I don’t find myself being thrown off balance by any revel kit power downs. For me that’s true of both the SR and ER battery. However, you and I face circumstances that may be different in a few ways:

  1. I have an oversized deck (Tarib). Your deck is not small either but I do have the benefit of a wider stance.
  2. You are much lighter than me. That means you will experience faster accelleration. So the unexpected change in accelleration for you could be more pronounced when you drop below a voltage threashold.
  3. As a habit I would not attempt to accelerate hard on the 25% battery level. So I’m less likely to experience what you have. Also, I could be wrong but I don’t think most eskaters would either. When I do group rides, I see most other riders being even more cautious than I am in terms of gently throtteling a semi depleted battery. I think most riders eventually adopt a habit of having thier full throttle fun when the battery is full and shifting to conservative acceleration deeper into the ride.

I could easily be wrong in my speculation but my gut tells me that the solution to your SR battery concerns might be as simple as modifying your throtteling and swapping practices. I do the vast majority of my riding on XR batteries. If I exhaust every XR battery and have to resort to my SR batteries, then I switch to power level two and ride like a granny to streach out the range.

Sorry to hear your battery repair did not last. based on the pictures you posted, I thought you nailed the repair. You should still contact revel support about the broken connection. Also, perhaps try to locate someone locally who has the equipment to spot weld battery tabs.
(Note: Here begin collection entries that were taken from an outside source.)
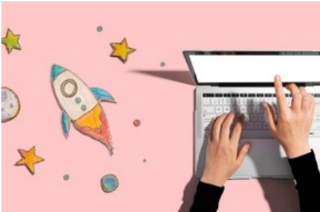
Launch Ship'N'Train Travel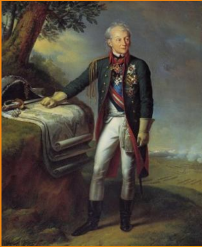
А. В. Суворов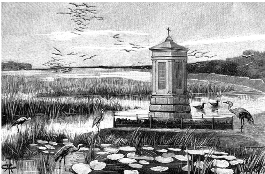
3. Celestin Medović, Spomenik prestolonasljedniku Rudolfu kod Kupinova, 1889-90. Projektiran od strane arhitekta Martina Pilara. Die Österreichisch-ungarische Monarchie in Wort und Bild, Kroatien u. Slavonien (Siebenter Band der Länder der St.-Stephans Krone), Wien, 1902., str. 585.

I think you’re right here. My deck is little narrower and shorter than yours, but at a 100 cm still no little puppy. With regards to weight, sounds logical as well. And your last point I think is indeed fair too, I must start to incorporate slowing down after the 25% notification as well. I’m already doing that, but just maybe not enough.

Different question: I haven’t ridden a battery that far past the 25% notification, but is it correct that if you keep riding, it will give a 10% notification and then you should really stop using that battery? To avoid risk of over depleting that battery? In other words, is it safe to keep riding (slower) past the 25% notification but really stop at the 10% mark?

No worries! I thought i had fixed it great too. Everything works great in how i fixed it, just need to make the solder connection stronger. Spot welding the metal tabs isn’t necessary in this case. Just need to properly secure the wire into the existing solder point instead of just globing more on top. I already reached out to revel about it and we resolved it :slight_smile:

Each vibration alert is an indicator that you have dropped below a critical low voltage threashold. You are able to continue because the voltage recovers. My personal opinion is that you should not ignore more than two vibration alerts. Its how I treat my lithium batteries. My six year old lithium batteries are still running strong and I attribute it to this practice. Prior to adopting these habits I damaged a few batteries including Chain saw batteries and Landwheel Lipo batteries.

The Revel Kit batteries seem to be more resiliant than the old Landwheel batteries. But My recommendation is to minimize riding past the vibration alerts. The best way to do that is to have lots of spare batteries and carry enough spares. Also avoid grossly oversized wheels and expect much lower range in cold weather.

I have never seen a 10% notification. Instead, the vibration alerts are usually accompanied by some tiny text that flashes on the screen with not enough time to read it. the text says that you battery has dropped below the critical low voltage threashold.

Wait what lol

I’ve seen the 10% notification two or three times, but definitely not as often as the 25%

I guess your eyes are better than mine – unless the 10% notification is unique to newer versions.

I guess it is possible the remotes had a firmware update at some point in the production line. I know one of the new batches will have some slight improvements

Can confirm, there are definitely 25% AND 10% low voltage notifications.

The text does appear & disappear quite quickly though so it’s easy to miss.

Something that might want to be remedied in future firmware. The text holding for 5 seconds would be sufficient IMO.